9.51 Data-mining has been defined as ‘a set of automated techniques used to extract buried or previously unknown pieces of information from large databases’.[97] Data-mining can be used in different contexts to achieve different goals. For example, it is increasingly used by organisations to enable them to ‘design effective sales campaigns, precision targeted marketing plans, and develop products to increase sales and profitability’.[98] Data-mining can also be used by law enforcement agencies to investigate criminal activities. For example, in 2006 it was reported that the National Security Agency in the United States was collecting telephone records of millions of Americans to analyse calling patterns in an effort to detect terrorist activities.[99]

9.52 There are three main steps in the data-mining process: (1) the data are prepared (or ‘scrubbed’) for use in the data-mining process; (2) a data-mining algorithm is used to process the data; and (3) the results of the data-mining process are evaluated.[100]

9.53 Data-matching and data-mining practices that involve personal information raise a number of privacy concerns. A major concern is that the practices can reveal large amounts of previously unknown personal information about individuals.[101] This concern is exacerbated by the fact that data-matching or data-mining can occur without the knowledge or consent of the data subject, thereby limiting the ability of the data subject to seek access to information derived from a data-matching or data-mining program.[102]

9.54 Another concern relates to the accuracy of the data derived from a data-matching or data-mining process. Data-matching and data-mining involve using information collected for different purposes and in different contexts.[103] If information is incorrect or incomplete at the time of collection, or ceases to be accurate some time after collection, the information generated by the data-matching or data-mining process will be inaccurate. In the case of data-mining, an additional concern is that it is often difficult to inform the data subject of the exact purpose for which his or her personal information is to be collected or used. This is because data-mining activities aim to discover previously unknown information.

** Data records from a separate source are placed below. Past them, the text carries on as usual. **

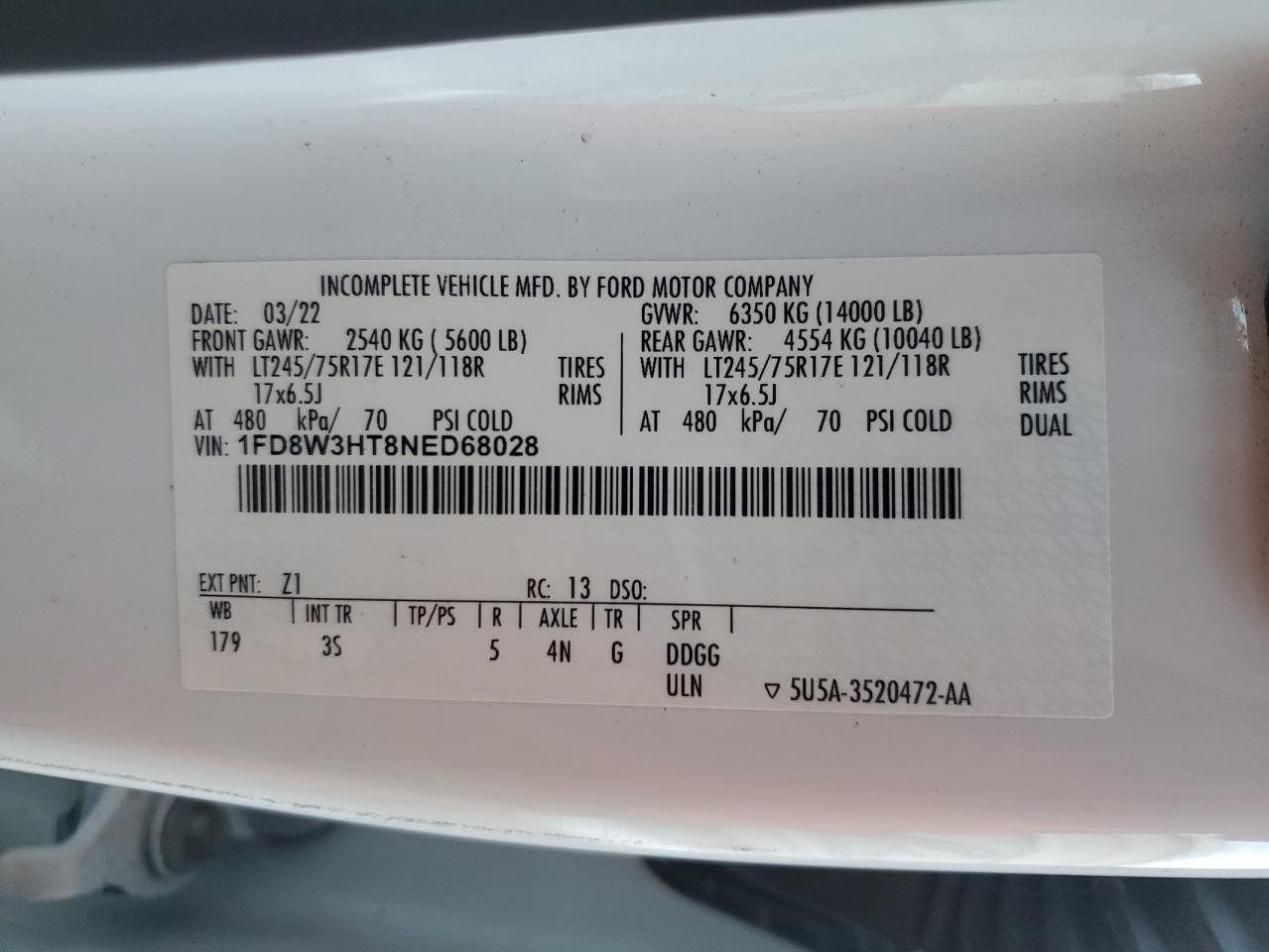 - ВИН: 1FD8W3HT8NE******
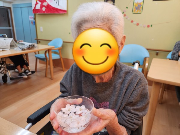 風になびく桜の花びらがちょうど入居者様の頭の上に落ちてきて、髪飾りのようにつけて写真を撮ってみました☆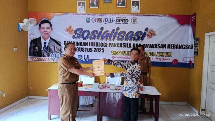 Way Kanan, – Anggota DPRD Provinsi Lampung Fraksi Partai Nasdem Yusee Sogoran menggelar sosialisasi Pembinaan Ideologi Pancasila dan Wawasan Kebangsaan di Kampung Pulau Batu dan Bandar Dalam Kecamatan Negeri Agung Kabupaten Way Kanan, Senin (25/08/2025).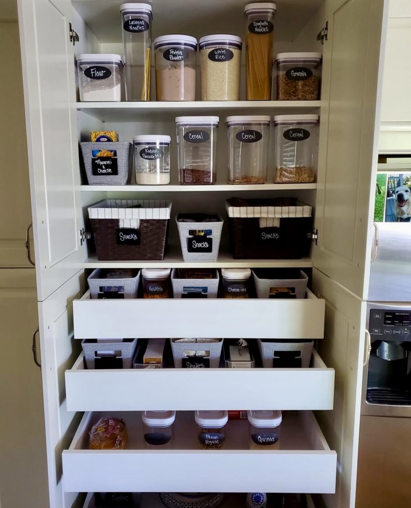 This pantry is a masterclass in organization ideas shelves with its mix of bins, labeled containers, and pull-out drawers. Each drawer is used for a specific category, keeping snacks, pasta, and grains perfectly separated. The clever design layout makes it easy to see everything at a glance without digging through clutter. It’s an ideal example of how smart closet design can maximize even a narrow space.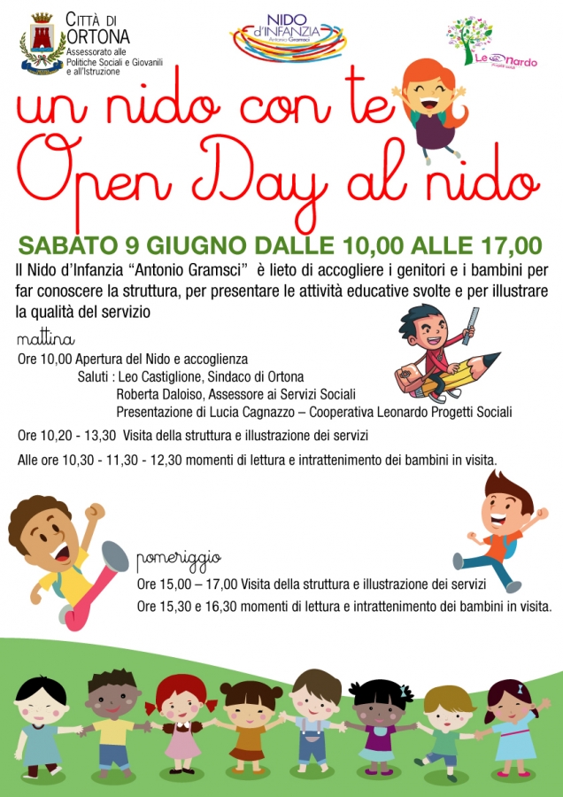 Il Nido d'Infanzia comunale "Antonio Gramsci" sabato 9 giugno resterà aperto per l'intera giornata, dalle ore 10 alle 17, per accogliere le famiglie e presentare i servizi e la struttura, le modalità e i programmi educativi. I genitori e i bambini potranno recarsi presso il Nido per conoscerlo meglio, informarsi degli aspetti organizzativi e logistici, conoscere il personale che da settembre prossimo accompagnerà i bambini nei percorsi di apprendimento e nelle numerose iniziative a loro destinate. «Il Nido di Ortona – dichiara l'Assessore Roberta Daloiso – ha caratteri elevati di qualità sia per la cura dei bambini che per la loro educazione, e costituisce un patrimonio importante per l'intera città da salvaguardare e sviluppare ulteriormente».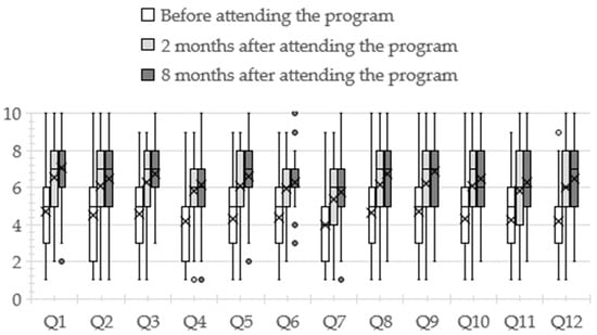 Figure 1 depicts the participants’ behavioral change scores for each question at all three time points. The questions are listed in Table 2. For all questions, scores were higher two and eight months after attending the program than before attending (p < 0.05). In addition, no significant difference was observed between two and eight months after attending the program for all questions (p = 0.504–1.000). The reliability coefficient ρ for each question ranged from 0.97 to 1.00 (Q1, 0.987; Q2, 0.996; Q3, 0.998; Q4, 0.996; Q5, 0.992; Q6, 0.988; Q7, 0.995; Q8, 1.000; Q9, 0.991; Q10, 0.991; Q11, 0.992; Q12, 0.977).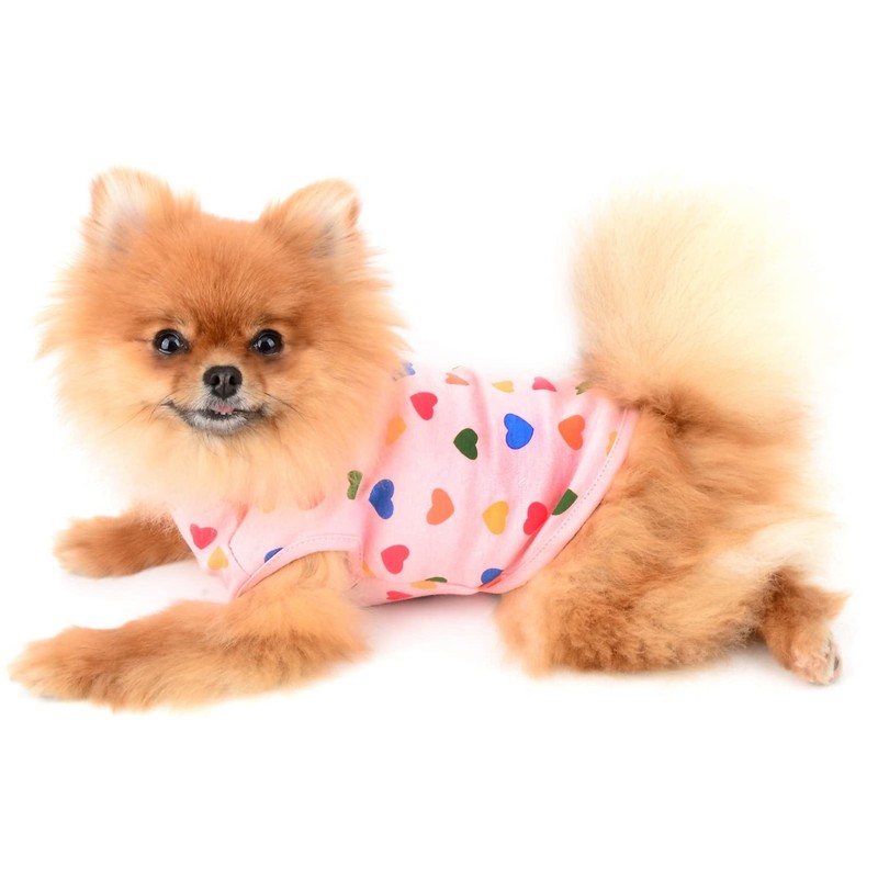 SMALLLEE_LUCKY_STORE Girls Heart Print T Shirt Small Medium Dog Cat Sleeveless Cotton Tops Summer Yorkie Chihuahua Valentine's Day

Further, there is concern about the storage of large amounts of personal information gathered for the purpose of data-matching or data-mining.[104]

[93] Information and Privacy Commissioner Ontario, Data Mining: Staking a Claim on Your Privacy (1998), 1.

[94] Office of the Federal Privacy Commissioner, The Use of Data Matching in Commonwealth Administration—Guidelines (1998), [14].

[95] A Caine, E-government: Legal and Administrative Obstacles to Sharing Data Held by Australian Government Agencies (2004) Australian Government Information Management Office.

[96] R Clarke, ‘Computer Matching by Government Agencies: The Failure of Cost/Benefit Analysis as a Control Mechanism’ (1995) 4 Information Infrastructure and Policy 29, 33.

[97] Information and Privacy Commissioner Ontario, Data Mining: Staking a Claim on Your Privacy (1998), 4.

[98] Ibid, 1.

[99] L Cauley, ‘NSA has Massive Database of Americans’ Phone Calls’, USA Today, 10 May 2006, <www.usatoday.com>.

[100] J Bigus, Data Mining with Neural Networks (1996), 10–11, cited in Information and Privacy Commissioner Ontario, Data Mining: Staking a Claim on Your Privacy (1998), 5.

[101] V Estivill-Castro, L Brankovic and D Dowe, ‘Privacy in Data Mining’ (1999) 6 Privacy Law & Policy Reporter 33, 34.

[102] See, eg, Information and Privacy Commissioner Ontario, Data Mining: Staking a Claim on Your Privacy (1998), 14.

[103] See, eg, Ibid, 10–11.

[104] Office of the Privacy Commissioner, Getting in on the Act: The Review of the Private Sector Provisions of the Privacy Act 1988 (2005), 240.